His exhibit at the Biennale, Liquid History of Vasco Da Gama (2014), is a set of dialogues and conjectures that explore the shadowy world of 15th century Indian Ocean maritime trade through the accounts of the fictional character ‘Digital Dutta’. According to Banerjee, Dutta is an unreliable narrator who works as a clerk and fancies himself to be an amateur historian. He has a tendency to find himself planted in various historical moments– either as a minor character or as an active agent responsible for changing the course of history.
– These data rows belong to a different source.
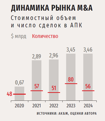 По предварительным итогам 2024 года объем рынка M&A в АПК и смежных секторах, несмотря на ожидание снижения, практически не изменился и составил $3,46 млрд против $3,45 млрд годом ранее. В рублевом выражении данный сегмент показал рост на 9,3 %, до 327 млрд руб. против 299 млрд руб. в 2023-м. В то же время количество сделок сократилось с 80 годом ранее до 56, а средняя стоимость сделки, наоборот, увеличилась с $43 млн до $62 млн. Ключевым сегментом рынка была пищевая промышленность — на нее пришлось около $1,93 млрд и 26 сделок, на сельское хозяйство — $1,23 млрд и 22 сделки, на транспорт — $0,31 млрд и 8 сделок.
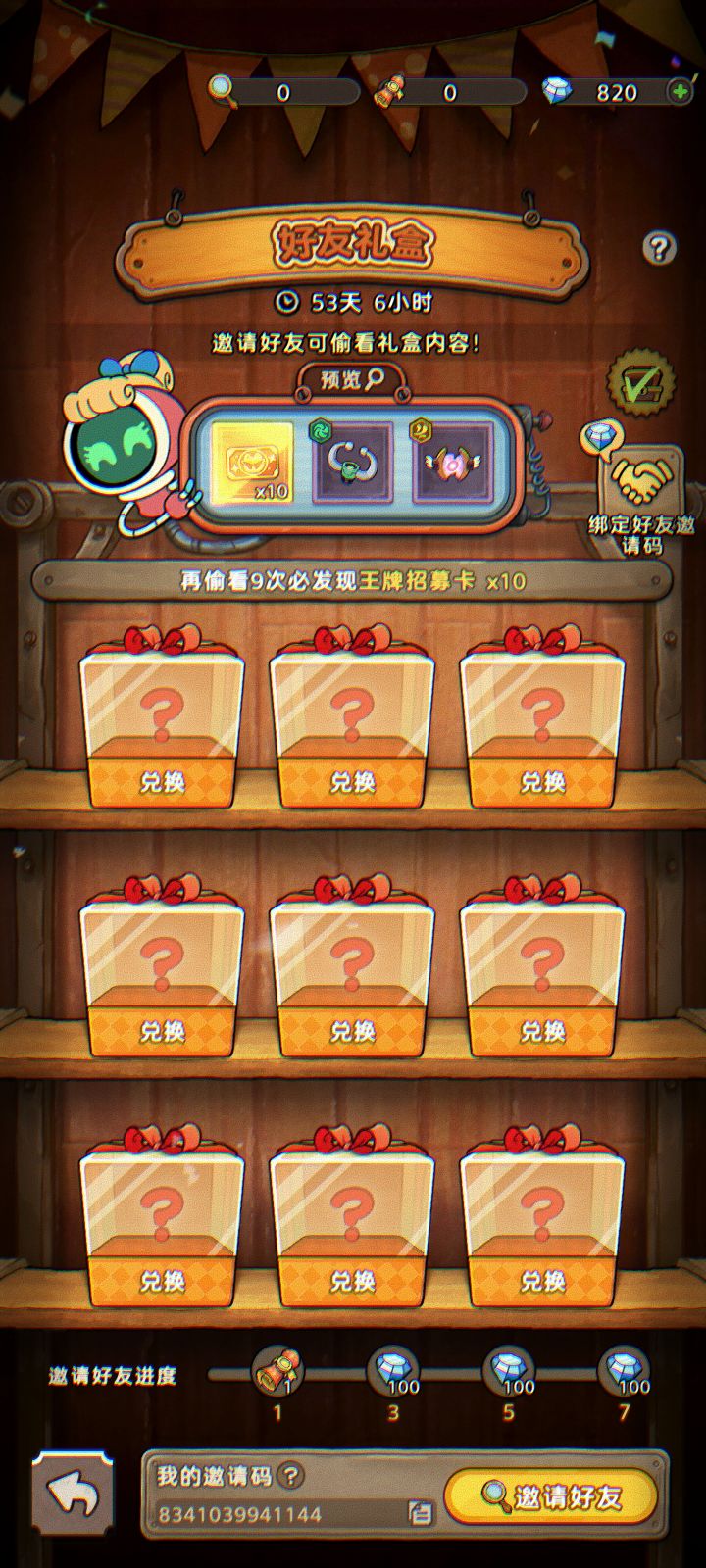 #过2-3填了,在主界面【好友礼盒】活动中输入邀请码8341039941144有200钻
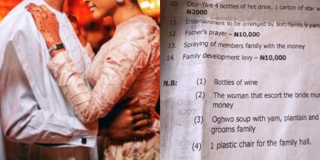 “I was cleaning our bedroom this morning when I found the Marriage List my Family gave to my Husband. Truth be told, Urhobo Marriage Bride Price List is the most budget friendly list I have ever seen,” she wrote in a Facebook post on Thursday.
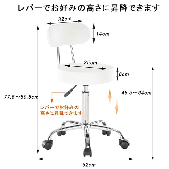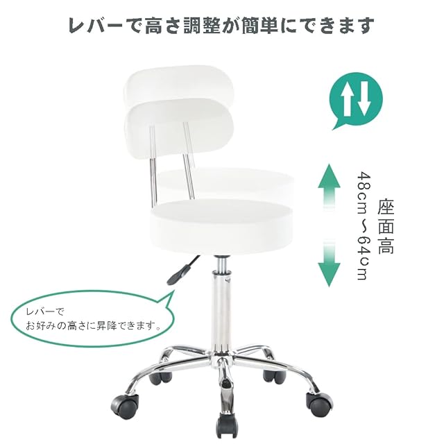 Altrobene 丸椅子 背もたれ付き カウンターチェア キャスター付き 昇降式 スツール 座り心地がいい 高さ調整 椅子 360°回転 診察椅子 キッチン 台所仕事 チェア ホワイト
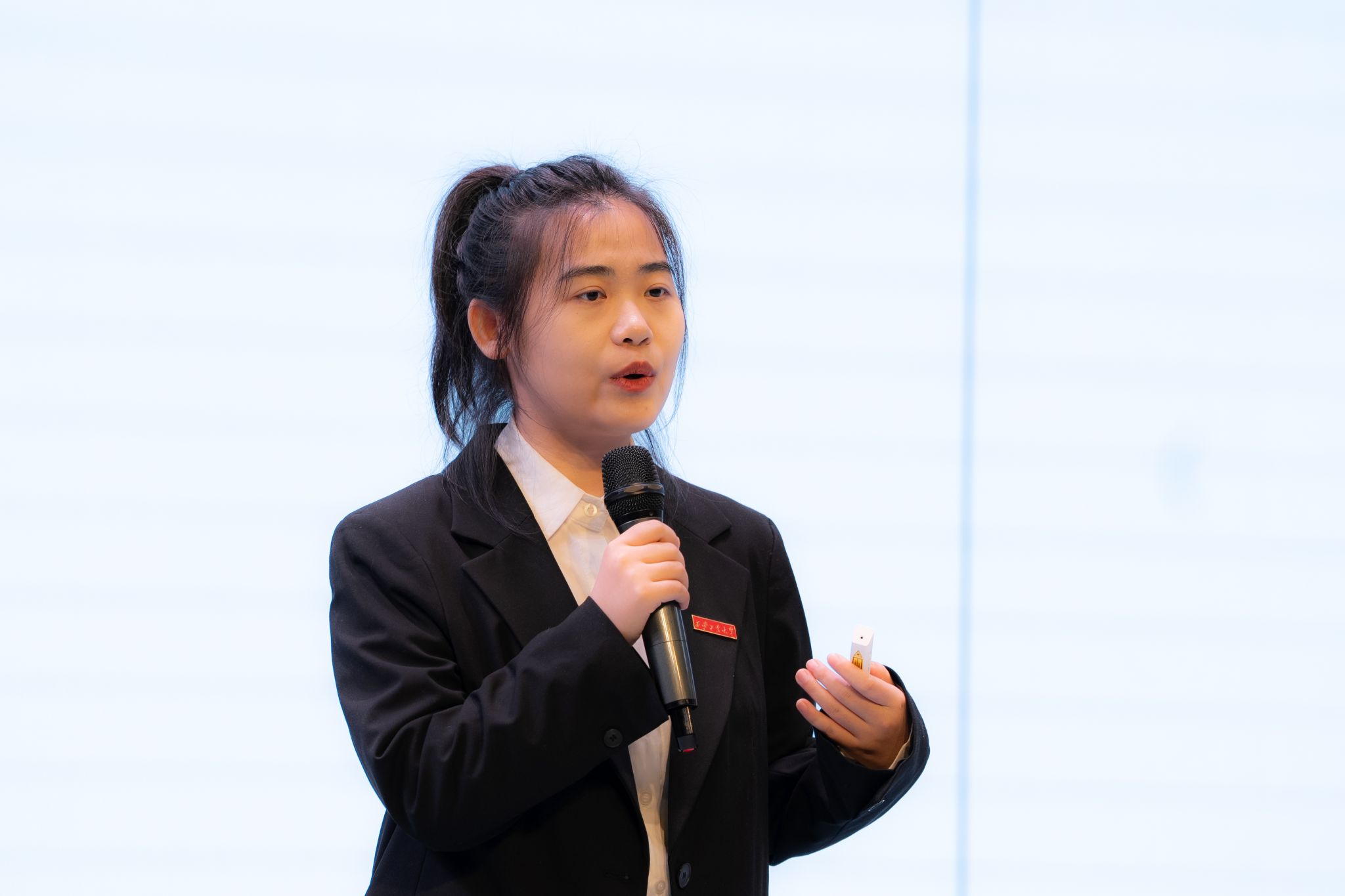 材料与化工学院辅导员胡娜以《科创之路,点亮育人之光》为题,讲述了她携手学生共赴创新之旅,将科研课题转化为助农项目,并带领团队克服重重困难,最终在省级科创竞赛中获奖的故事。她说:“我将于细微处耕耘,伴学生共成长。”
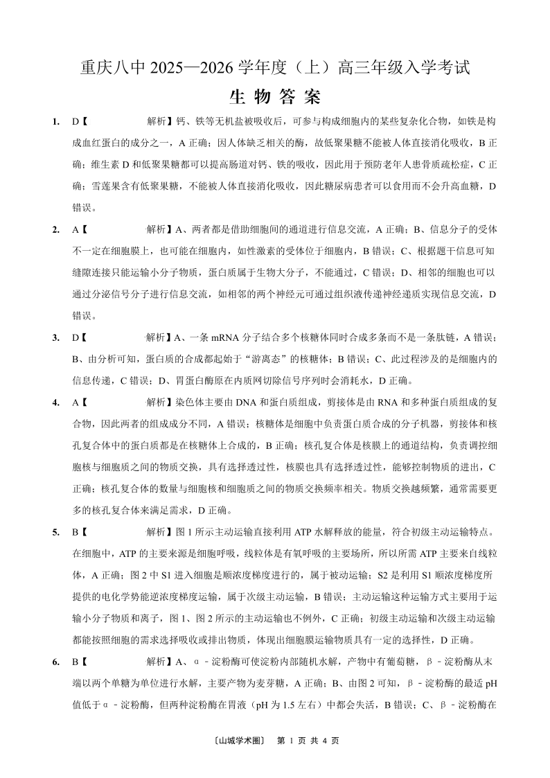 高三生物答案--重庆八中2025—2026 学年度(上)高三年级8月入学考试

The drawings for this project are distilled from the work of Sanjay Subrahmanyam, a noted historian of the Early Modern Period, and revolve around Vasco da Gama’s various encounters in the Indian Ocean. These ‘diet comics’, as the artist calls them, refer to a large cast of characters adding up to a veritable soap opera featuring pirates, popes, convicts, smugglers, ‘degradados’, famous Omani navigators, unknown Gujarati seamen, mysterious Jews from Poznan, Moors from Calicut, the King of Portugal Don Manuel and Prester John, a mythical Christian King from Medieval European chronicles who was believed to have ruled over a nation in the East.
According to Banerjee, the resultant history is “neither cast in stone nor vulnerable to the charge of manufacturing the past”.